Сквозь сильные стекла очков были видны испуганные глаза в бессчетных морщинках, а на коленях лежали темные руки. Такие глаза и такие наработавшиеся руки были и у матери Павла.
Молодой и, по всему судя, очень сильный парень, скрывая улыбку в углах большого насмешливого рта, сказал:
— Те, которые на помощь от молитв надеялись, раньше от самой Москвы в наш город пешком шли, а уж от ворот до храма и вовсе на коленях. К святому в электричке ехать уж очень не по-божественному.
И он весело поглядел на Павла, ожидая от него поддержки.
Женщина серьезно ответила, что обязательно пошла бы пешком, были бы силы, и стала объяснять: хочет помолиться за сына, который свихнулся с пути, и, как она теперь поняла, потому, что рос в неверии.
Парень уже без усмешки начал ей горячо возражать.
Павел отвернулся к окну: не хотел слушать этот спор, не хотел даже молча в нем участвовать. Но в черном стекле он видел только свое отражение: бледное лицо, по которому, как тревожные мысли, пробегали придорожные огни. И он невольно снова прислушался.
— Дайте я хоть вам напишу, — сказал парень, который как-то незаметно перевел спор совсем на другое, — где в Москве обязательно побывать нужно. А то наладитесь вы в лавру ездить и ничего не увидите: ни Третьяковки, ни выставки, ни Кремля. И сыну написать не о чем будет. А я так считаю: знал бы ваш сын, чем себя занять, никакой беды бы с ним не было. Напишите ему, где были, что видели. Может, ему тогда тоже еще в жизни все хорошее повидать захочется...
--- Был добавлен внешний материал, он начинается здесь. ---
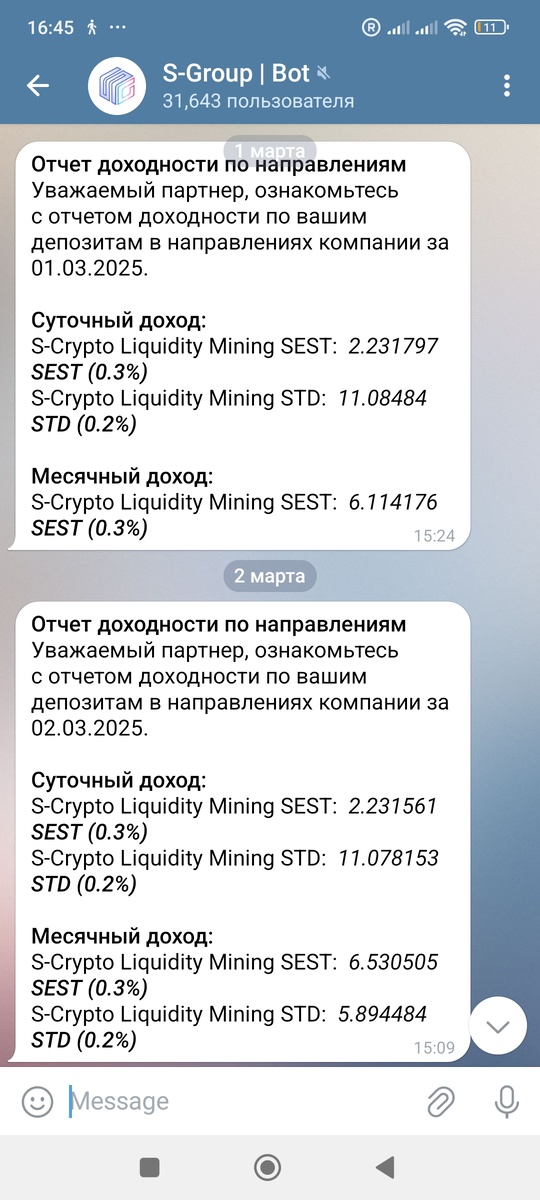01.03: std = 11.08484 (110.85 руб) sest = 2.231797 (276.74 руб) Итого: 378.59 руб 02.03: std = 11.078153 (110.78 руб) sest = 2.231561 (276.71 руб) Итого: 387.50 руб 03.03-04.03: std = 22.157475 (221.57 руб) sest = 4.465442 (553.71 руб) Итого: 775.29 руб 05.03: std = 11.075088 (110.75 руб) sest = 2.232328 (276.81 руб) Итого: 378.56 руб 06.03-07.03: std = 22.16204 (221.62 руб) sest = 4.459789 (553.01 руб) Итого: 774.63 руб 08.03: std = 11.82341 (110.82 руб) sest = 2.230469 (276.58 руб) Итого: 387.40 руб 9.03-11.03: std = 33.228068 (332.28 руб) sest = 6.632189 (822.39 руб) Итого: 1154.67 руб 12.03: std = 11.068107 (110.68 руб) sest = 2.224589 (275.85 руб) Итого: 386.53 руб 13.03: std = 11.095266 (110.95 руб) sest = 2.230642 (276.6 руб) Итого: 387.55 руб 14.03-15.03: std = 22.170921 (221.71 руб) sest = 4.458792 (552.89 руб) Итого: 774.60 руб Итого за 2 недели марта: 6191.90 руб В личный кабинет вышел месячный доход по депозитам: 276 std = 2757.61 руб 28 sest = 3531.15 руб Итого: 62

И веселый парень принялся составлять список московских достопримечательностей.
Павел снова отвернулся к окну: парень рассуждал наивно, но вот он уже давно в Москве, а тоже почти нигде не был. Правда, всюду собирались побывать с Асей, но почти никуда не успели: слишком мало времени было у них.
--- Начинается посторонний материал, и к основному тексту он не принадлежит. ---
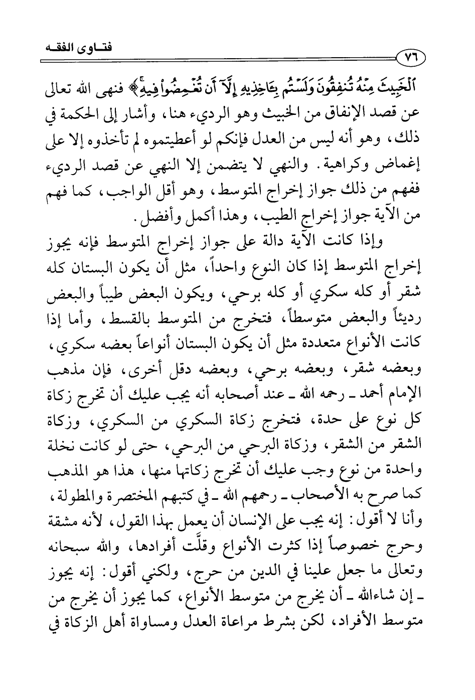 وإذا كانت الآية دالة على جواز إخراج المتوسط فإنه يجوز إخراج المتوسط إذا كان النوع واحداً، مثل أن يكون البستان كله شقر أو كله سكري أو كله برحي، ويكون البعض طيباً والبعض رديئاً والبعض متوسطاً، فتخرج من المتوسط بالقسط، وأما إذا كانت الأنواع متعددة مثل أن يكون البستان أنواعاً بعضه سكري، وبعضه شقر، وبعضه برحي، وبعضه دقل أخرى، فإن مذهب الإمام أحمد رحمه الله عند أصحابه أنه يجب عليك أن تخرج زكاة كل نوع على حدة، فتخرج زكاة السكري من السكري، وزكاة الشقر من الشقر، وزكاة البرحي من البرحي، حتى لو كانت نخلة واحدة من نوع وجب عليك أن تخرج زكاتها منها، هذا هو المذهب كما صرح به الأصحاب رحمهم الله في كتبهم المختصرة والمطولة، وأنا لا أقول: إنه يجب على الإنسان أن يعمل بهذا القول، لأنه مشقة وحرج خصوصاً إذا كثرت الأنواع وقلَّت أفرادها، والله سبحانه وتعالى ما جعل علينا في الدين من حرج، ولكني أقول: إنه يجوز إن شاءالله أن يخرج من متوسط الأنواع، كما يجوز أن يخرج من متوسط الأفراد، لكن بشرط مراعاة العدل ومساواة أهل الزكاة في

Он снова, не желая того, прислушался.
— Кто спорит! — сказал парень. — Конечно, много еще в жизни трудностей. Но я вот школу кончил, потом техникум. Плохо ли? Обе сестры учатся. А уж учиться вашему сыну, наверное, помех не было. Вот добьемся, чтобы все по-настоящему, и не только до первой справки об окончании, учились, никто в церковь не пойдет. Это я вам гарантирую.
Женщина что-то тихо возразила. Павел, не слушая ее, встал и пошел к выходу.
Всю дорогу от вокзала до своего общежития он мысленно повторял: «Ну и пусть! Теперь хоть все ясно», — и старался убедить себя, что повторяет это с облегчением.
Но настоящим облегчением после московских улиц и вагонной тесноты было войти во двор лавры, по-ночному тихий, прохладный, пахнущий первой весенней зеленью.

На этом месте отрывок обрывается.